A highly desirable combination of attributes, then includes functional barrier properties to certain gaseous transmission, and perceived properties of gloss and stiffness.
Various attempts have been made to advantageously utilize the benefits of molecular orientation of films to achieve certain of the desirable properties. A serious problem in these developments has been that each different polymer has its unique required set of heating and stretching conditions. Where certain combinations of layer compositions do not have overlapping conditions conductive to molecular orientation of the multiple layer film, additional provisions must be made for effecting the simultaneous orientation of the plurality of layers. There is no known art which makes the necessary provisions. Absent these provisions, in previous attempts to orient multiple layer films, adjacent layers have developed undesirable stresses at layer interfaces, and cohesive stresses within the layers themselves. These stresses too often have manifested themselves in poor or non-existent layer adhesion at the layer interfaces, and in cracking or hole development in one or more of the layers.

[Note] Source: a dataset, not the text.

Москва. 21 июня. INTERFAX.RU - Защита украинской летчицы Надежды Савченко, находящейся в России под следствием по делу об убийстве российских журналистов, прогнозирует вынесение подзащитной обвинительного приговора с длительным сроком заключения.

Mueller, U.S. Pat. No. 4,188,443 handles this problem in a 5 layer film by selecting the compositions of the second and fourth layers such that they are above their melt temperature during the orientation process (col. 5 line 43). While this mechanism is successful in relieving the interfacial stresses of the orientation process, only 3 of the 5 layers are truly molecularly oriented, and selection of material compositions for layers 2 and 4 may be severely limited by the melting temperature requirements.

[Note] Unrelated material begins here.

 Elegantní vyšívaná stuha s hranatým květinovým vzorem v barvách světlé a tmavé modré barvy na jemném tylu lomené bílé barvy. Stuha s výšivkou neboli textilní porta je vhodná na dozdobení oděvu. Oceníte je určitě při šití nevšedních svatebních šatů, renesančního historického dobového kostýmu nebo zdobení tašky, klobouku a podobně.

Yamada, U.S. Pat. No. 4,261,473 teaches a balanced 3 layer film, as in his EXAMPLE 10, wherein the outer layers are polyethylene terephthalate and the core layer is EVOH. Sheets of this film are preheated for a lengthy 5 minutes, apparently to reach steady state temperature throughout the film thickness, before the film is stretched by drawing it into a "cup" shaped mold. Indeed, this process is more closely related to conventional thermoforming than to molecular orientation.
Mueller, U.S. Pat. No. 4,194,039 teaches a "balanced" 3-layer film (col. 6 line 23) that is a combination of olefins and olefin blends. The film is made by a plurality of extrusion steps and orientation steps.

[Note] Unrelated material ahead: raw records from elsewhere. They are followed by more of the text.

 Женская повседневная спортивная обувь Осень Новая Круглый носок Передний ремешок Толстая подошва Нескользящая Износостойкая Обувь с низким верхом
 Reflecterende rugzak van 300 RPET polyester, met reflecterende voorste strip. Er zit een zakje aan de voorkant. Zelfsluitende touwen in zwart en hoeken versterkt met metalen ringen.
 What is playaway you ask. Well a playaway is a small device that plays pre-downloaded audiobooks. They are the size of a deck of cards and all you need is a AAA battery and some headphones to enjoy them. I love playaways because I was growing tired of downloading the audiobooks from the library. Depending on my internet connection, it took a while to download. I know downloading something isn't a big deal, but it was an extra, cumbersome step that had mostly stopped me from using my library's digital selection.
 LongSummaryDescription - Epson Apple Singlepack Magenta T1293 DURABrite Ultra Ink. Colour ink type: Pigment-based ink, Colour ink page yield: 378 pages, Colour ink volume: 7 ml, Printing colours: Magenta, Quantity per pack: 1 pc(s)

Bornstein U.S. Pat. No. 4,064,296 teaches an oriented 3 layer film having EVOH as the core layer. However, in Bornstein's film it is "crucial" (col. 4 line 65) that one of the two outer layers be cross-linked, i.e. by irradation.
It is an object of this invention to provide a multiple layer packaging film material which is economically competitive to make and which has a combination of attributes including, as functional physical properties, high barrier to gaseous transmission through the film, and as perceived properties, high gloss, transparency, and stiffness. Preferrably the films are unbalanced in that conventional heat sealing equipment may be used to apply heat to the more heat stable side of the film, driving the heat through the film without undue distortion of the film to effect heat sealing of the layer on the opposite surface of the film. Such unbalanced films are readily adapted for use in conventional packaging equipment to economically package a variety of products.